# EXERCISE AIM
Leave every image behind and restate the data word for word.

# DATASET SECTION
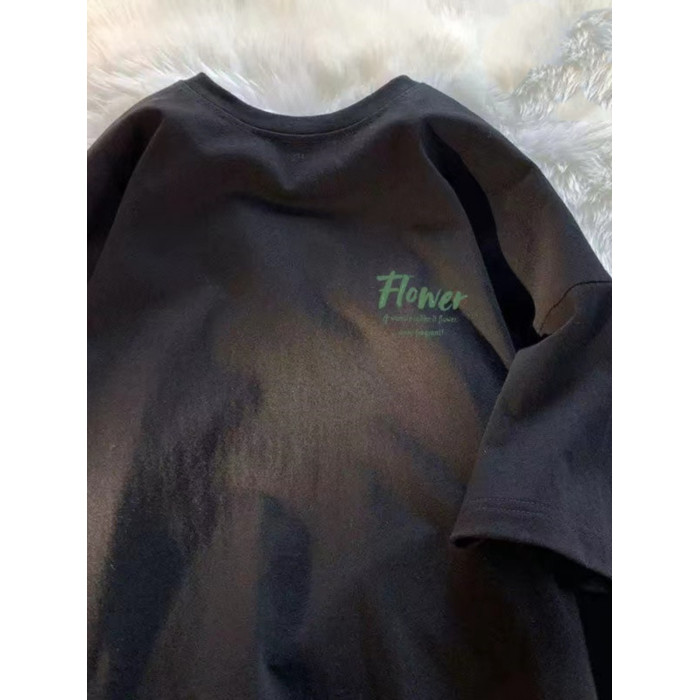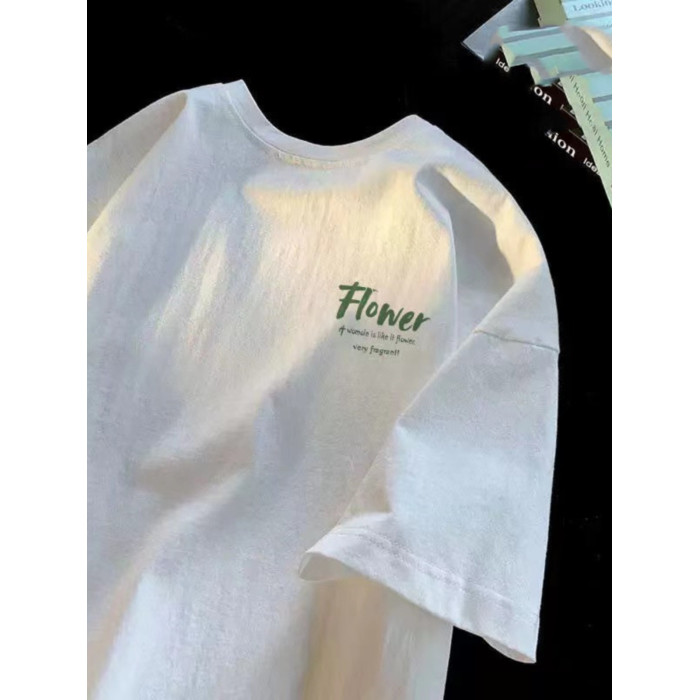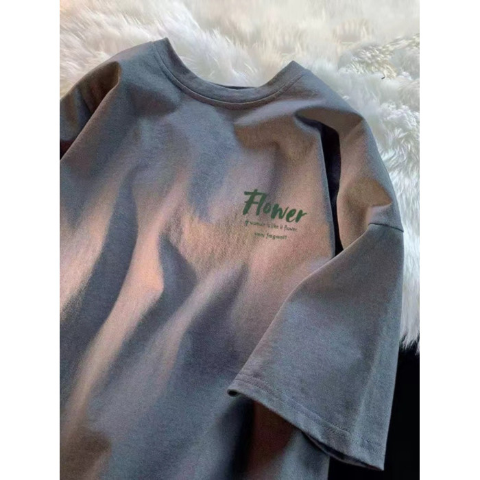 100%重磅純棉大碼男t恤簡約字母短袖夏季寬松美式正肩港風ins新款
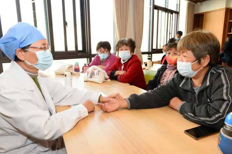 除了增强老年居民的科普知识之外,在大宁路街道长者照护之家,专业人员则为入住老人开展了一对一义诊服务,提供针对性的糖尿病管理方案。
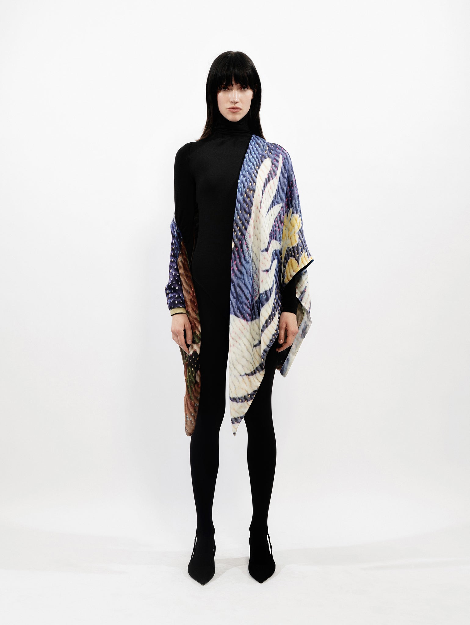 Deze sjaal van Talking Walls is een artistiek statement piece dat luxe combineert met expressiviteit. Gemaakt van een hoogwaardige blend van 80% modal en 20% zijde, voelt de sjaal zacht en luchtig aan op de huid, met een subtiele zijdeglans voor een verfijnde uitstraling. De double face constructie maakt het ontwerp extra bijzonder: beide zijden tonen een ander patroon, waardoor je eindeloos kunt variëren in styling. De handgestikte details voegen een ambachtelijke, unieke touch toe. Ideaal als accessoire bij een eenvoudige outfit, of als kleurrijk accent bij neutrale tonen. Materiaal: 80% modal, 20% zijdeConstructie: Double face – twee dessins in één sjaalAfwerking: Fijn handgestikt detailKleuren: Multicolor – onder andere paars, okergeel, camo en nachtblauwFormaat: Medium/large (afmetingen niet opgegeven)Wasvoorschrift: Alleen stomen Een sjaal die niet alleen warmte biedt, maar ook een verhaal vertelt — typisch Talking Walls.
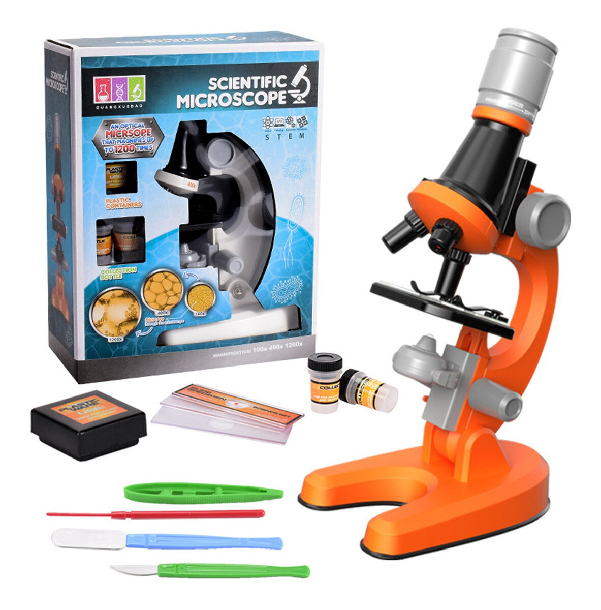 Детский Микроскоп Юный ученый с 3 объективами: 100х, 400х, 1200х, подсветка, цвет оранжевый / Набор для опытов / Подарок интересное:

# RESULT FOR THIS EXERCISE
 100%重磅純棉大碼男t恤簡約字母短袖夏季寬松美式正肩港風ins新款
 除了增强老年居民的科普知识之外,在大宁路街道长者照护之家,专业人员则为入住老人开展了一对一义诊服务,提供针对性的糖尿病管理方案。
 Deze sjaal van Talking Walls is een artistiek statement piece dat luxe combineert met expressiviteit. Gemaakt van een hoogwaardige blend van 80% modal en 20% zijde, voelt de sjaal zacht en luchtig aan op de huid, met een subtiele zijdeglans voor een verfijnde uitstraling. De double face constructie maakt het ontwerp extra bijzonder: beide zijden tonen een ander patroon, waardoor je eindeloos kunt variëren in styling. De handgestikte details voegen een ambachtelijke, unieke touch toe. Ideaal als accessoire bij een eenvoudige outfit, of als kleurrijk accent bij neutrale tonen. Materiaal: 80% modal, 20% zijdeConstructie: Double face – twee dessins in één sjaalAfwerking: Fijn handgestikt detailKleuren: Multicolor – onder andere paars, okergeel, camo en nachtblauwFormaat: Medium/large (afmetingen niet opgegeven)Wasvoorschrift: Alleen stomen Een sjaal die niet alleen warmte biedt, maar ook een verhaal vertelt — typisch Talking Walls.
 Детский Микроскоп Юный ученый с 3 объективами: 100х, 400х, 1200х, подсветка, цвет оранжевый / Набор для опытов / Подарок интересное:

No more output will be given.